DG FastChannel provides electronic delivery of advertisements,
syndicated programs and video news releases to traditional
broadcasters and other media throughout the nation. The company's
past acquisitions of Vivx, GTN, Pathfire, Point 360 and FastChannel
took advantage of "network effects" to bring greater benefits to
delivery of digital content. This is the strategy in which Costa
Brava invested.
Enliven is different. Enliven provides marketers with the tools
and consultation necessary for the creation of internet
advertising. The acquisition and integration of Enliven will have
no "network effects" and limited synergies because they don't do
what DG FastChannel does. Costa Brava believes the Enliven deal is
a dangerous detour from the deliberate growth initiatives the
company has implemented over the past few years. If the transaction
is consummated, the company would enter a new business and, in one
fell swoop, become a "content provider" in addition to a "content
deliverer."
And the price of this detour is dear. Enliven will cost the
company more than $100 million. What exactly will DG FastChannel
get for such an astronomical sum? To help answer this question, and
mindful of the lack of strategic synergies between the two
companies, a brief review of Enliven's performance is
warranted.
-- Enliven has a history of dismal and increasing operating losses, with
$12.078 million in operating losses over the last twelve months. The
pace of losses has accelerated over the last six months, increasing by
50% for the January through June period. In reviewing the quarters
since the first quarter of 2004, Costa Brava was able to identify only
one quarter when the company generated an operating profit. And that
profit was under $100,000.
-- Revenue and expenses resulting from the "search" segment of Enliven's
business have been removed from the table below. The "search" segment
of Enliven's business is governed by a contract with Yahoo which
terminates in early 2010. The number of downloads of the "viewpoint
toolbar" has been declining for the past several years, and the
revenue from the "search" segment is down sharply in 2008. Costa Brava
believes this "search" segment of Enliven's business has almost no
value except to generate the meager cash flow to sustain the
unprofitable advertising business.
-- Private company competitor Eyeblaster has maintained 90% margins as
their business has grown almost 250% over the past few years.
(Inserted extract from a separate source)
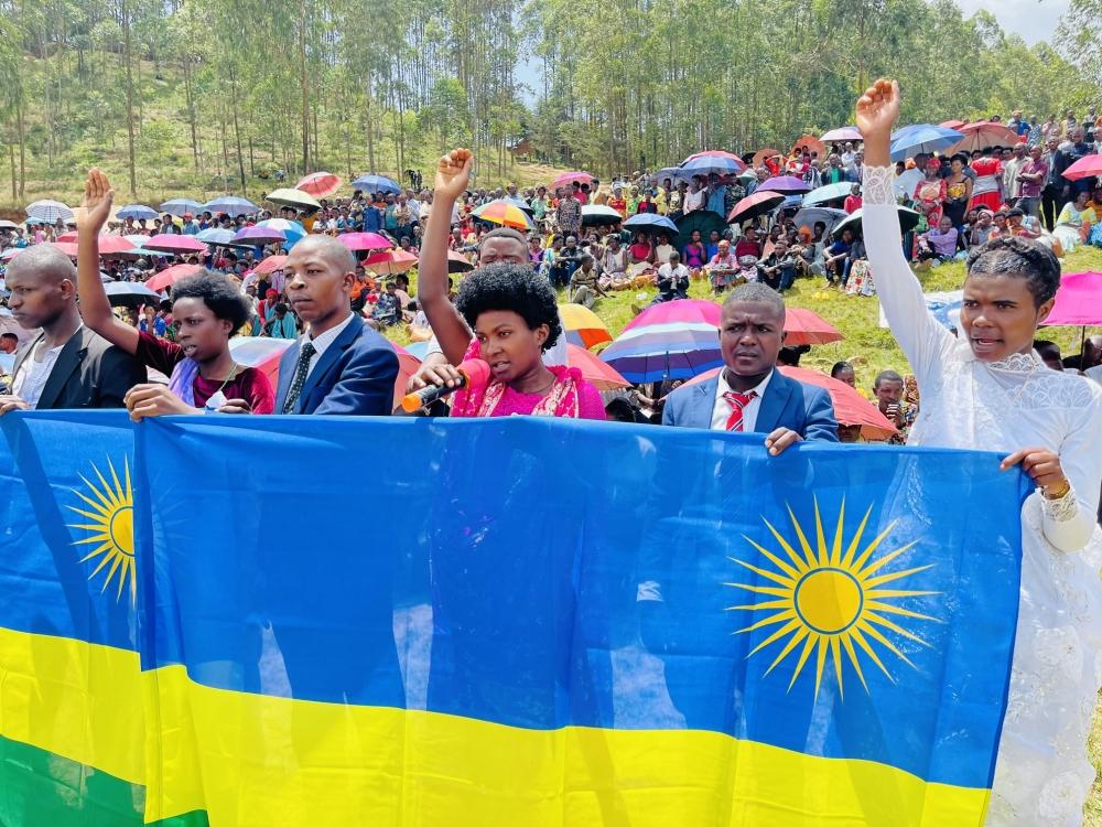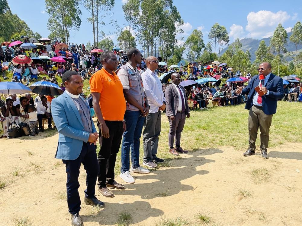 Gakenke District Mayor, Jean Marie Vianney Nizeyimana, commends staff members who were representing World Vision, for the organisation’s contribution to the legal marriage of the 390 spouses, March 8, 2023 (E. Ntirenganya)

The
tables below demonstrate that Enliven's performance, without including
the "search" segment, has been much less profitable, with much lower
margins.
Enliven's Business (other than the "search" segment)
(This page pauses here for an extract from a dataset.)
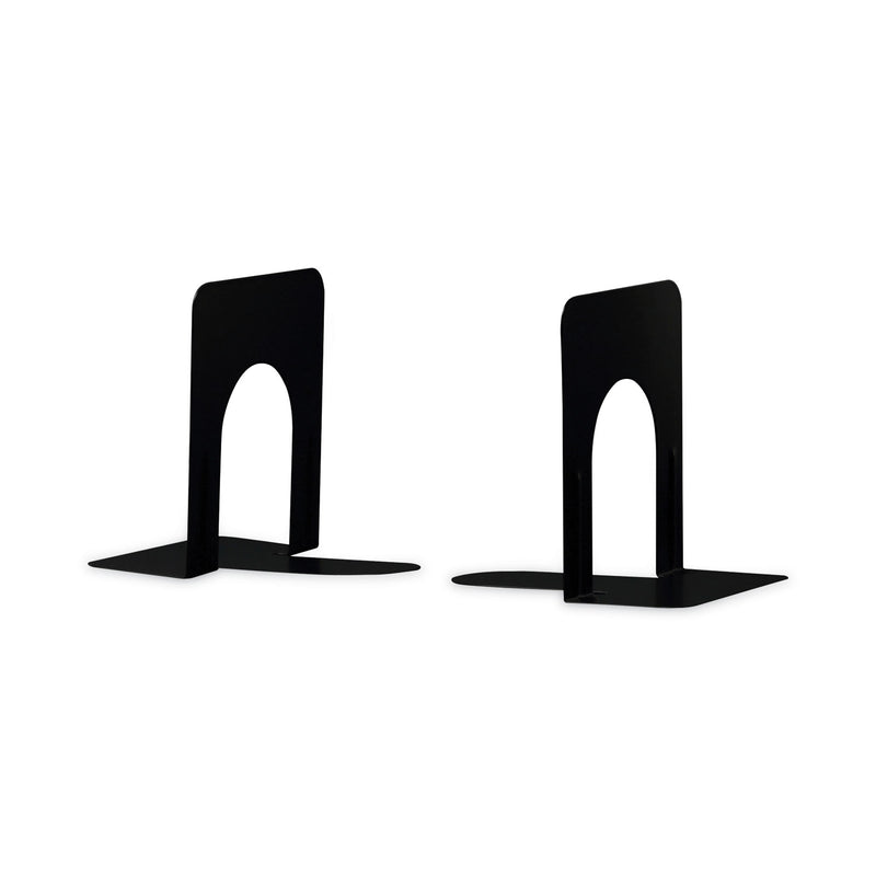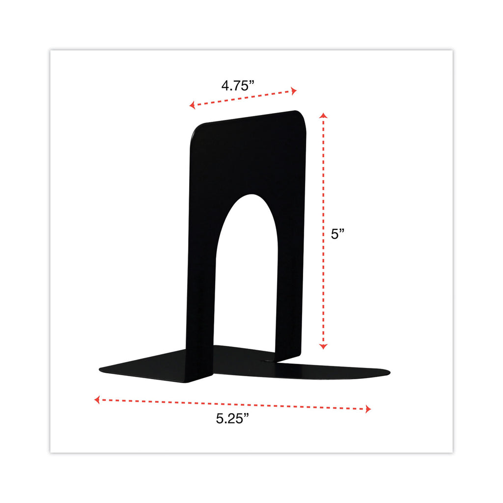 Reinforced, sturdy, metal bookends are designed to hold large and heavy books, files, and binders. The bookends help organize your workspace by removing clutter and keeping files in sight. The smooth edges with ribbing add stability and rigidity to hold almost anything upright. Two heavy gauge steel bookends with a hard enamel finish keep items in place and within reach.

(All amounts in thousands)
2006 2007 YTD 2008
Revenue $ 10,870 $ 12,649 $ 8,337
Cost of Revenues $ 6,521 $ 8,940 $ 5,242
Gross Profit $ 4,349 $ 3,709 $ 3,095
Gross Margin % 41% 29% 37%
Eyeblaster's Business
(All amounts in thousands)
2006 2007 YTD 2008
Revenue $ 18,829 $ 27,659 $ 44,737
Cost of Revenues $ 1,907 $ 2,700 $ 3,243
Gross Profit $ 16,922 $ 24,959 $ 41,494
Gross Margin % 90% 90% 93%
(Source: Eyeblaster, Inc. Form S-1/A filed with the SEC on
May 22, 2008.)
Noteworthy, though Eyeblaster is now ten times larger than Enliven, its
margins have always been about 90% -- even three years ago when
Eyeblaster had smaller, comparable revenues.
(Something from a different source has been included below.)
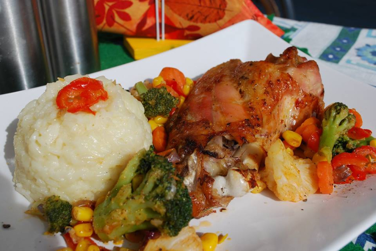 Az előfőzött, majd pirosra pirított pulykaszárny, fehér rizzsel és háromszínű (kaliforniai paprika, karfiol, brokkoli) zöldségkörettel teszi ünnepivé eme szép napot.

-- The balance sheet does not support a price of $100 million for Enliven.
Tangible book value is less than zero and cash and short term
investments total to less than $2 million. The latter number is down
from over $7 million at the end of last year. Losses since the business
was formed are $300 million, and there has been almost nothing of value
created for such a waste of capital.
-- The most recent 10Q for Enliven, filed with the SEC on August 11, 2008,
contains the following warning, "We have limited capital resources as
well as recurring operating losses and negative cash flows that are
expected to continue for the foreseeable future. The conditions
combined with the possibility of the accelerated payment of a
$3.4 million subordinated note in the event our common stock is
delisted raises substantial doubt about our ability to continue as a
going concern."
-- A few days ago, DG FastChannel disclosed that, "based on Enliven's
first six months performance, as of August 2008, DG FastChannel now
expects full year 2008 revenue of Enliven of approximately
$25.5 million, a reduction of approximately 14% from the full year 2008
estimates provided by Enliven management prior to the execution of the
merger agreement." (DG FastChannel Amendment No. 2 to Form S-4, filed
on August 18, 2008, page 19.)
-- DG FastChannel also disclosed that, in the days leading up to the
execution of the merger agreement, Enliven twice revised its financial
projections downward but did not share these new projections to
DG FastChannel. It is unclear whether DG FastChannel's financial
advisor possessed Enliven's revised lower projections when it issued
a fairness opinion on May 7, 2008. (DG FastChannel Amendment No. 2 to
Form S-4, filed on August 18, 2008, pages 38 and 39.)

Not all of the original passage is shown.